*Extracted data:*
■ ■ ■ ■ ■
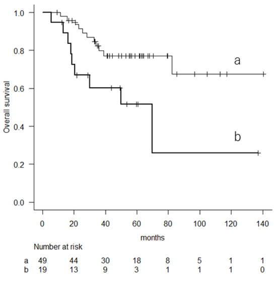 Among the patients with a higher risk, those with an mGPS of 1 or 2 had poorer OS (5-year OS (95% CI), 51.6% (25–72.9) compared to those with a score of 0 (5-year OS (95% CI, 77.2% (61.6–87.1), p = 0.013, log-rank test) (Figure 2).
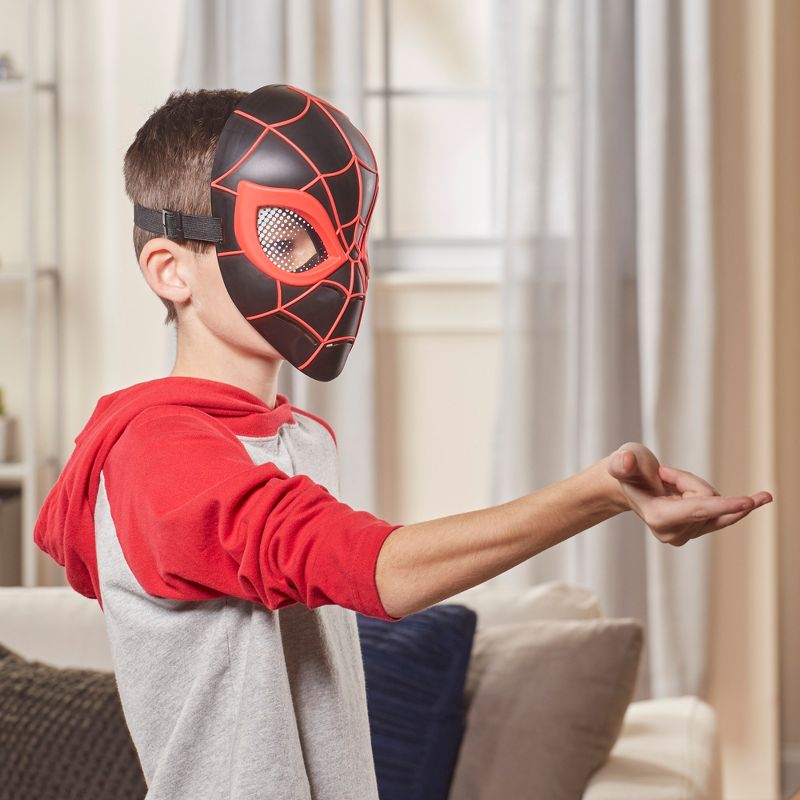 Kids can imagine suiting up like the wall-crawling hero Miles Morales with the Miles Morales Hero Mask. The eye lenses feature dotted graphic detailing inspired by the appearance of Miles Morales' mask. Plus, the mask includes a flexible band that fits most kids, so they can imagine slinging webs alongside Miles! Superpowers not included.
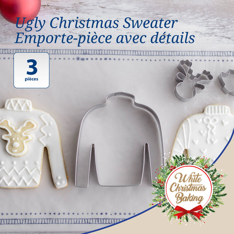 L'ensemble d'emporte pièces "Ugly Christmas Sweater" de Dr Oetker vous permet de réaliser aisément des biscuits originaux dans l'esprit de Noël. Vous y trouverez trois emporte-pièces que vous pouvez utiliser simultanément ou séparément, un pull, un sapin et un élan. Ces petits biscuits raviront les plus gourmands.
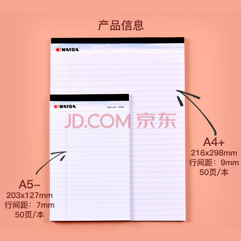 商品相册:凯萨(KAISA)A4+/50张美式拍纸本便签本 legalpad上翻笔记本草稿本工作记事本薄脆本 6本装第
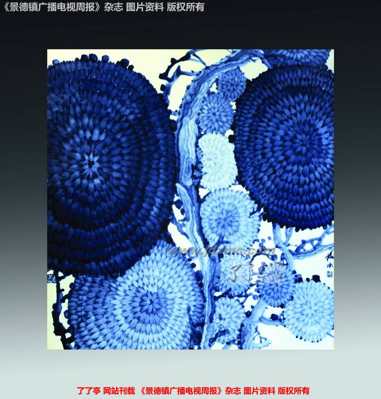 景德镇陶瓷学院的杨冰教授,多年来一直从事现代青花的创作和研究,画面以清新淡雅的色彩和独特的画面形式闻名于瓷坛。“向日葵”是她绘画中主要的表现题材,硕大的青花墨块如平面般展开,青花点依次排开,层层迭起,笔墨生动,清新自然,既有蒙德里安的抽象美,又有修拉的构成美,把现代主义的形式构成与中国水墨画中灵韵的点相融合,把生命起点的“点”,融入到她自己的艺术理想。以简练的笔墨,饱满的水分,在青与白的韵律和节奏之中,感受简约而深刻的美,给人以高品位的艺术享受,也许正是杨冰教授与修拉,蒙德里安超时空的思想碰撞,缔造出时尚的陶瓷现代青花,为现代陶瓷艺术创作注入了新的画风。(陆小泥)
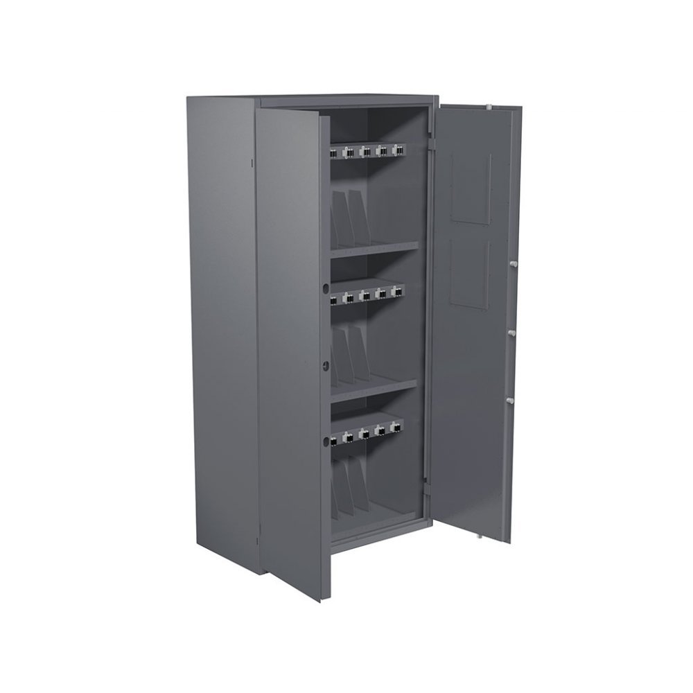 Шкаф армейский оружейный ШХО-30 АКС-74У для упорядоченного хранения павтоматов Калашникова (АК) различных модификаций в количестве до 30 штук. Широко применяется в силовых и военных структурах. Для обеспечения сохранности имущества сейф ШХО-30 АКС-74У имеет сварную металлическую конструкцию с толщиной стенок 3 мм и комплектуется двумя ключевыми замками с сувальдным механизмом. Армейские шкафы серии ШХО сертифицированы и полностью отвечают требованиям МВД РФ к хранению огнестрельного оружия и боеприпасов.
■ ■ ■ ■ ■
*Task statement:* Give back all of the entries verbatim, but without pictures.

*Answer box:*
 Among the patients with a higher risk, those with an mGPS of 1 or 2 had poorer OS (5-year OS (95% CI), 51.6% (25–72.9) compared to those with a score of 0 (5-year OS (95% CI, 77.2% (61.6–87.1), p = 0.013, log-rank test) (Figure 2).
 Kids can imagine suiting up like the wall-crawling hero Miles Morales with the Miles Morales Hero Mask. The eye lenses feature dotted graphic detailing inspired by the appearance of Miles Morales' mask. Plus, the mask includes a flexible band that fits most kids, so they can imagine slinging webs alongside Miles! Superpowers not included.
 L'ensemble d'emporte pièces "Ugly Christmas Sweater" de Dr Oetker vous permet de réaliser aisément des biscuits originaux dans l'esprit de Noël. Vous y trouverez trois emporte-pièces que vous pouvez utiliser simultanément ou séparément, un pull, un sapin et un élan. Ces petits biscuits raviront les plus gourmands.
 商品相册:凯萨(KAISA)A4+/50张美式拍纸本便签本 legalpad上翻笔记本草稿本工作记事本薄脆本 6本装第
 景德镇陶瓷学院的杨冰教授,多年来一直从事现代青花的创作和研究,画面以清新淡雅的色彩和独特的画面形式闻名于瓷坛。“向日葵”是她绘画中主要的表现题材,硕大的青花墨块如平面般展开,青花点依次排开,层层迭起,笔墨生动,清新自然,既有蒙德里安的抽象美,又有修拉的构成美,把现代主义的形式构成与中国水墨画中灵韵的点相融合,把生命起点的“点”,融入到她自己的艺术理想。以简练的笔墨,饱满的水分,在青与白的韵律和节奏之中,感受简约而深刻的美,给人以高品位的艺术享受,也许正是杨冰教授与修拉,蒙德里安超时空的思想碰撞,缔造出时尚的陶瓷现代青花,为现代陶瓷艺术创作注入了新的画风。(陆小泥)
 Шкаф армейский оружейный ШХО-30 АКС-74У для упорядоченного хранения павтоматов Калашникова (АК) различных модификаций в количестве до 30 штук. Широко применяется в силовых и военных структурах. Для обеспечения сохранности имущества сейф ШХО-30 АКС-74У имеет сварную металлическую конструкцию с толщиной стенок 3 мм и комплектуется двумя ключевыми замками с сувальдным механизмом. Армейские шкафы серии ШХО сертифицированы и полностью отвечают требованиям МВД РФ к хранению огнестрельного оружия и боеприпасов.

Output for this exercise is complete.